START Data

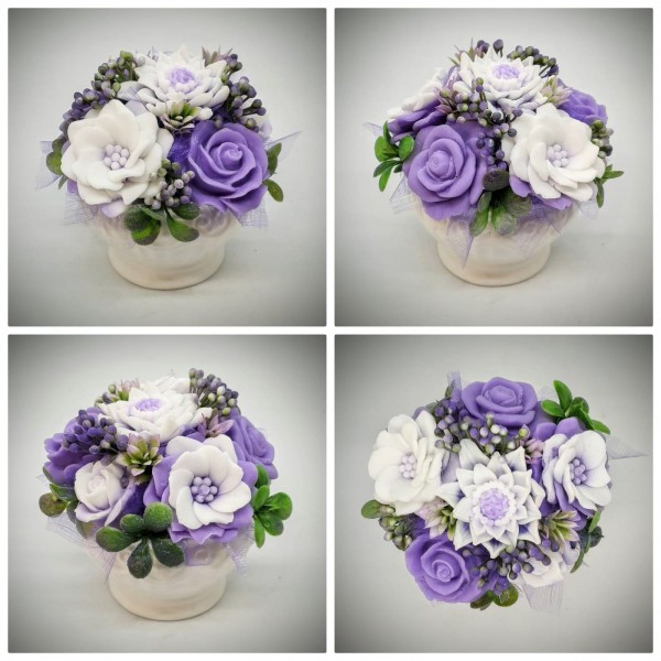 Szappanvirág csokor - lila - fehér - szappanvirág csokor - fehér kis kaspóban - 1. Kézzel készített, illatos szappan csokrok, asztali díszek, egyedi szappanok készítése.
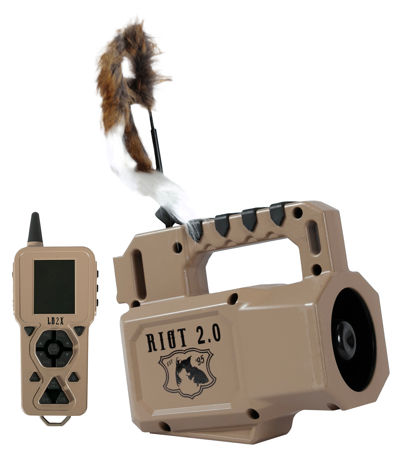 A compact, high-performance electronic call system, the Lucky Duck® Riot 2.0 Electronic Predator Call System combines superior sound with a motorized decoy in a portable package. Enclosed in a durable, upgraded housing, this predator call system features a high-output speaker to reach out to far away predators. An integrated 3-speed motorized decoy moves erratically while calling to spur predators' curiosity to draw them in close. Convenient decoy design easily stores on the call for easy transport. Offering the capability to hold more than 2,000 calls, the Riot 2.0 comes with 150 pre-recorded live animal sounds compiled by predator pro Rick Paillet. Its included LD2X remote features an LCD screen with day/dawn/night modes that utilize its 10 levels of brightness for easy reading at all hours of the day. The remote's extended range of 300+ yards, so those predators won't have any idea you're in the neighborhood while you call them in. Backlit buttons make low-light or nighttime operation a breeze. Runs on 10 AA batteries (not included). Remote runs on 3 AA batteries (not included). Compatible with Lucky Duck's rechargeable lithium-ion polymer battery pack 2.0 (not included). Threaded mount on bottom for tripod attachment (tripod not included). Mfrs. 5-year warranty.
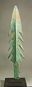 Bronze axes from Bolivia were often surmounted with the figure of a collared jaguar, with an erect tail and tongue protruding between the fangs of the lower jaw. Similarly stylized Peruvian examples are shown in Carcedo de Mufarech (1999: fig. 157; and Posnansky 1896: v. 3/4: pl. 87). Although this piece is technically provincial Inca, the form of the collared jaguar came from regional cultures in Bolivia.
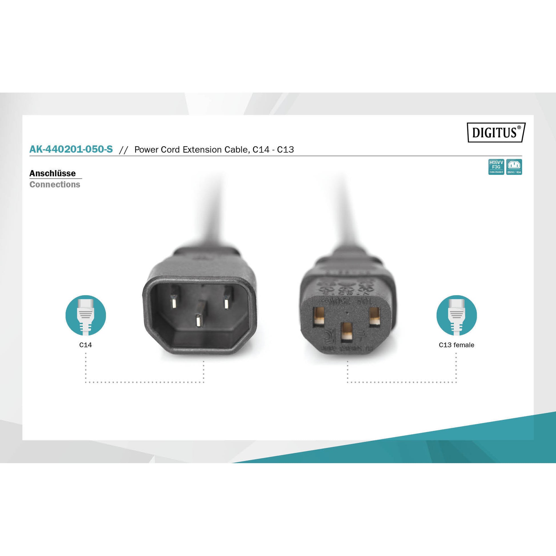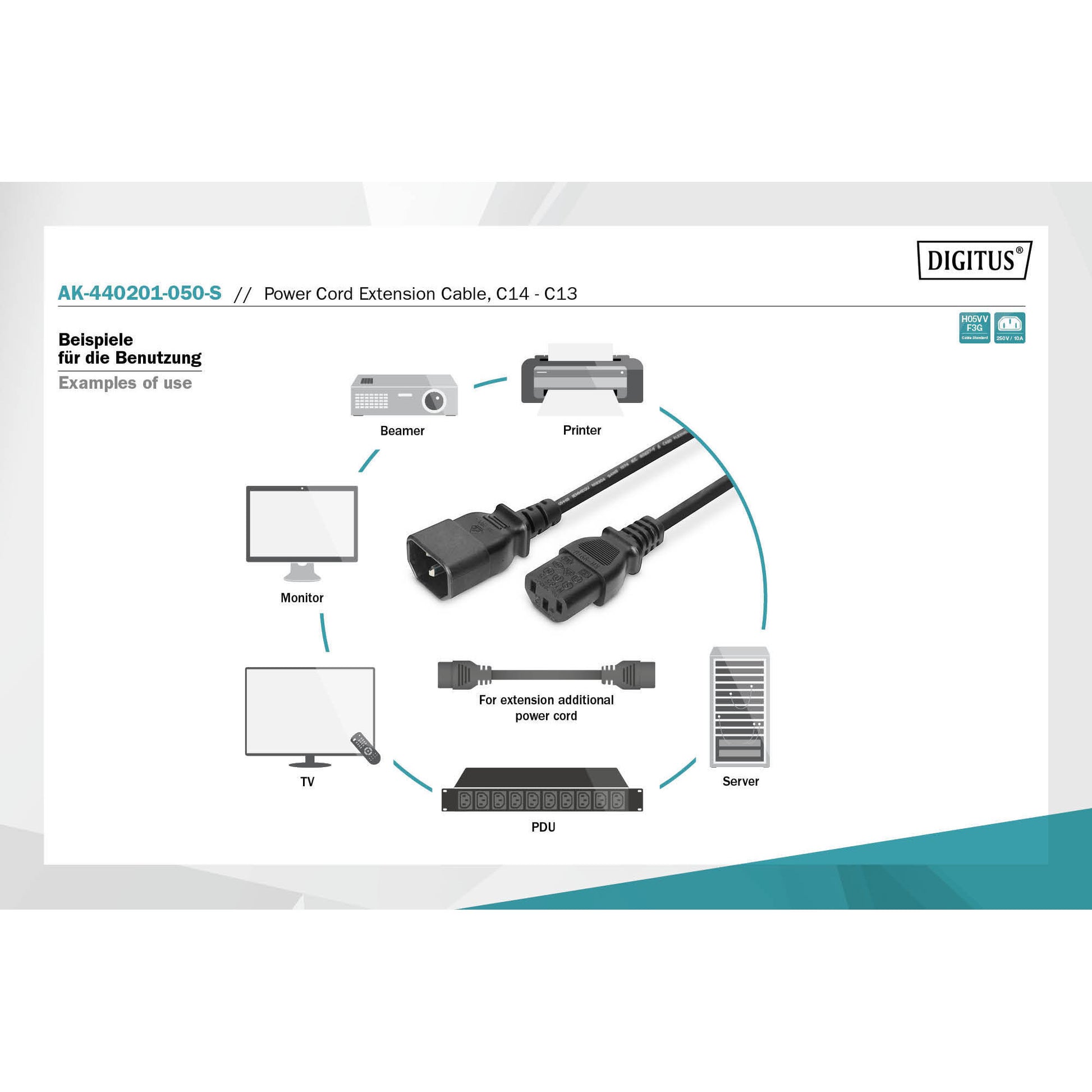 Das Netzkabel AK-440201-050-S von DIGITUS, mit IEC C14 Stecker und IEC C13 Buchse, auch als Kaltgeräte-Verlängerungskabel bekannt, dient zur Verbindung zwischen PC-Netzteil und Monitor, wodurch eine Steckdose zur Stromversorgung weniger benötigt wird. Ausserdem kann es als Verlängerungskabel genutzt werden.
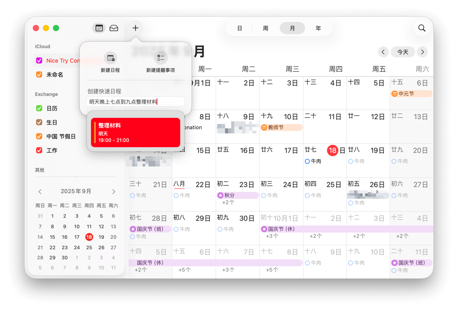 macOS 的「日历」支持通过自然语言快速创建日程。你只需输入「明天晚上七点到九点整理材料」,系统便会自动创建一个标题为「整理材料」、时间为明晚 19:00-21:00 的日程。
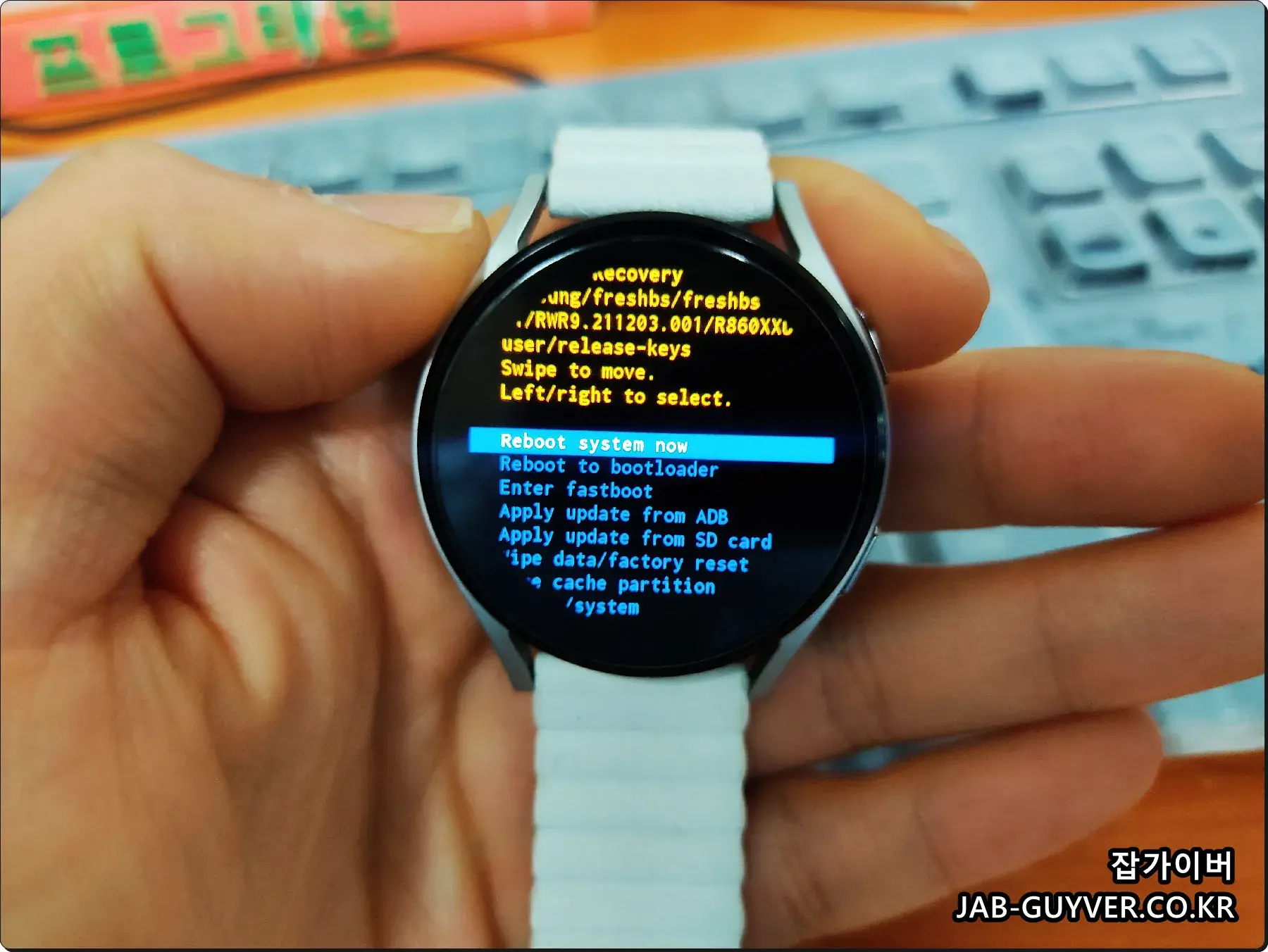 전원이 꺼져있는 상태에서 갤럭시워치5 부팅 중 Samsung 로고 밑에 Rebooting 로고가 실행되는데 이때 빠르게 상단버튼 2번 눌러줍니다.
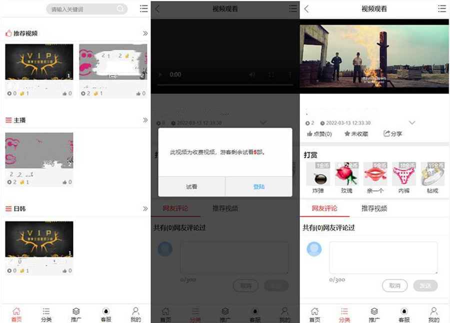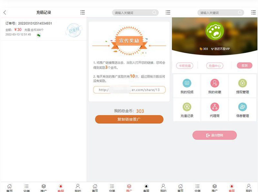 非常完整且专业的一套视频点播系统,带有VIP会员中心和打赏功能,支持卡密充值也支持在线支付,在线支付已经对接了Z支付个人免签和原生支付,可根据需要自己选择。支持云存储,也支持本地存储,当然也可以自己写接口,采集地址都OK。
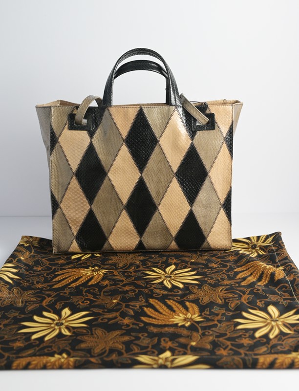 Shopping bag in Whips (aquatic reptile), beige / black patchwork color, with adjustable and removable shoulder strap. Leather interior with zip pocket and button closure. Resin shoulder strap loops. 40x12x30 cm Complete with personalized dustbag.
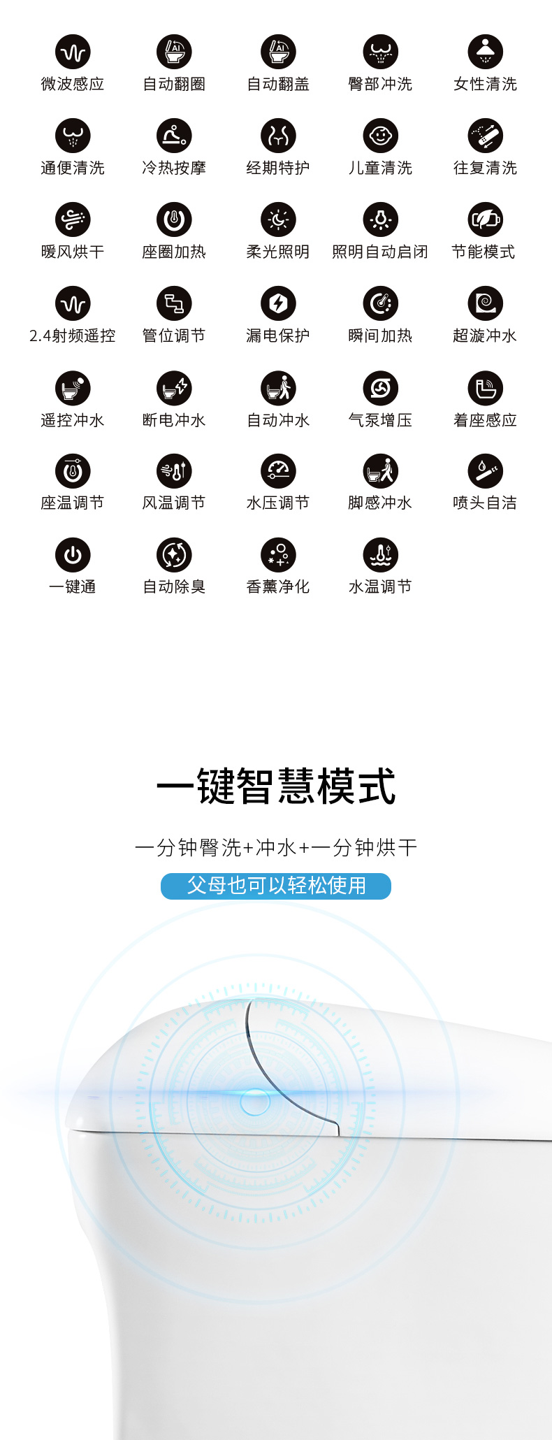 產(chǎn)品功能:1、微波感應(yīng)、自動翻蓋/翻圈、
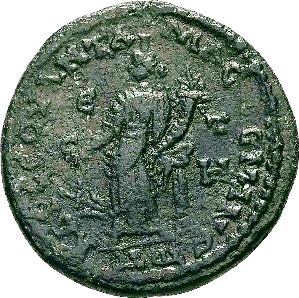 Tyche standing facing, head left, holding rudder and concucopia |
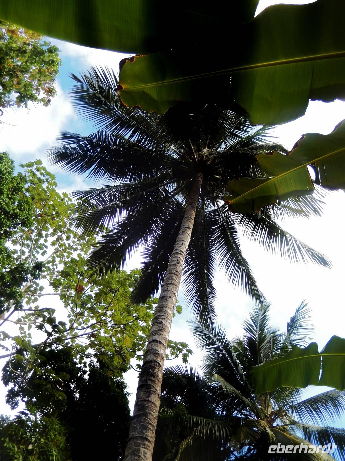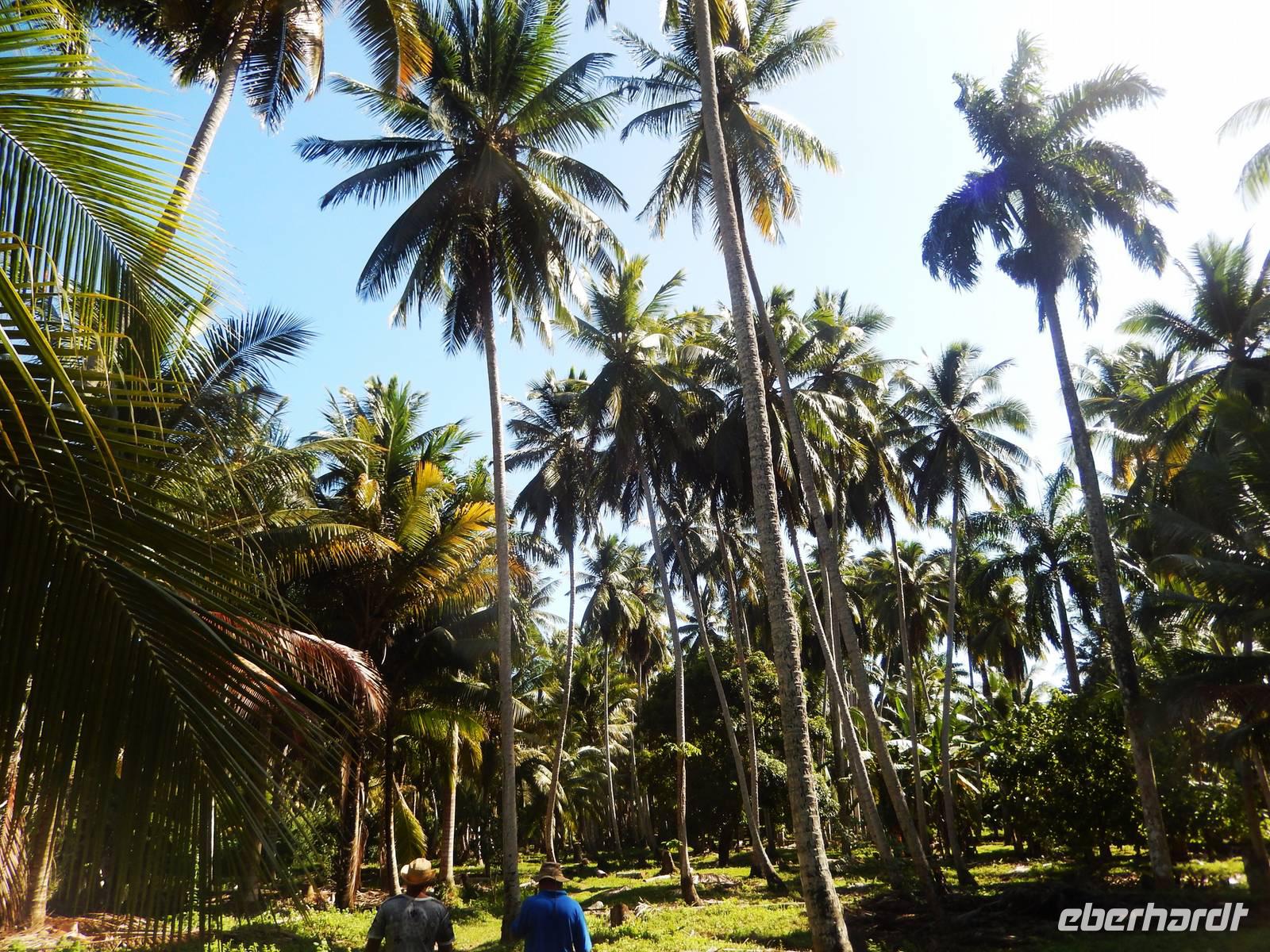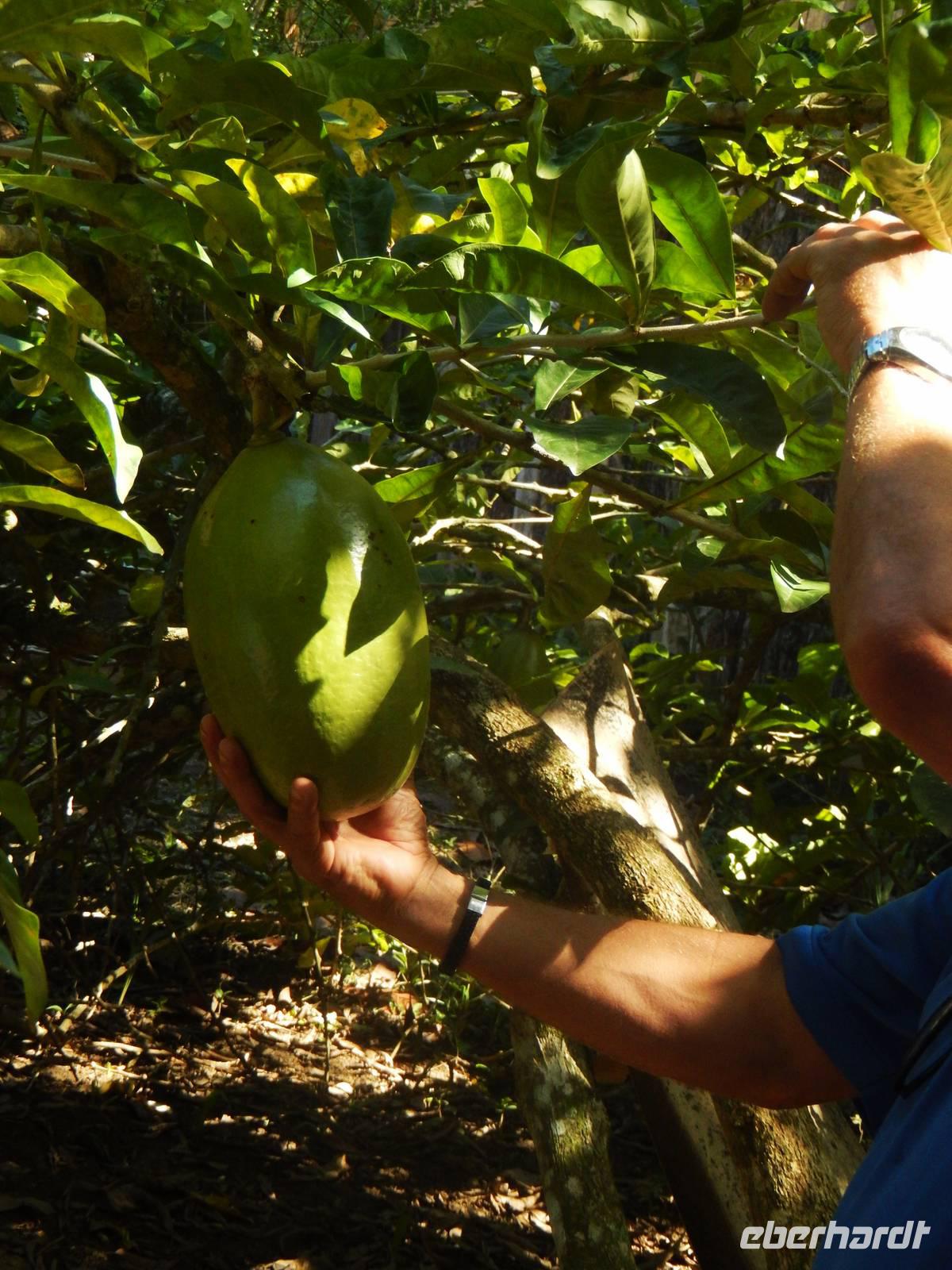Dann erreichen wir die Finca Duaba. Hier wohnt eine Kakaobauerfamilie, welche uns mit Luis heute außerplanmäßig als Überraschung ihre Finca zeigen. Der Kakaobauer führt uns durch die Plantage, zeigt uns die Kakaobäume und anderen tropische Gewächse. Wir verkosten viele leckere Früchte, so zum Beispiel Pomelos, Cahel, Kakaokerne, Kokosnussfleisch und die ganz Mutigen unter uns probieren auch mal Termiten. Wir spazieren unter einem dichten Mix aus riesigen Bananenstauden und schönen Palmen. Luis erklärt uns die unterschiedlichen Palmenarten. Hinterher gelangen wir zu einer Konstruktion, welche die Bauern bei der Kakaoproduktion unterstützt und erfahren wie man diese handhabt. Zum Abschied trinken wir leckeren, dickflüssigen, selbstgemachten Kakao, welcher mit Kokosmilch zubereitet wurde.

END Data

* _About this exercise_
Above are some records; quote exactly and only the lines that begin at the line containing "非常完整且专业的一套视频点播" and stop after the line containing "Tyche standing facing, head", leaving out the pictures.

* _Written solution_
 非常完整且专业的一套视频点播系统,带有VIP会员中心和打赏功能,支持卡密充值也支持在线支付,在线支付已经对接了Z支付个人免签和原生支付,可根据需要自己选择。支持云存储,也支持本地存储,当然也可以自己写接口,采集地址都OK。
 Shopping bag in Whips (aquatic reptile), beige / black patchwork color, with adjustable and removable shoulder strap. Leather interior with zip pocket and button closure. Resin shoulder strap loops. 40x12x30 cm Complete with personalized dustbag.
 產(chǎn)品功能:1、微波感應(yīng)、自動翻蓋/翻圈、
 Tyche standing facing, head left, holding rudder and concucopia |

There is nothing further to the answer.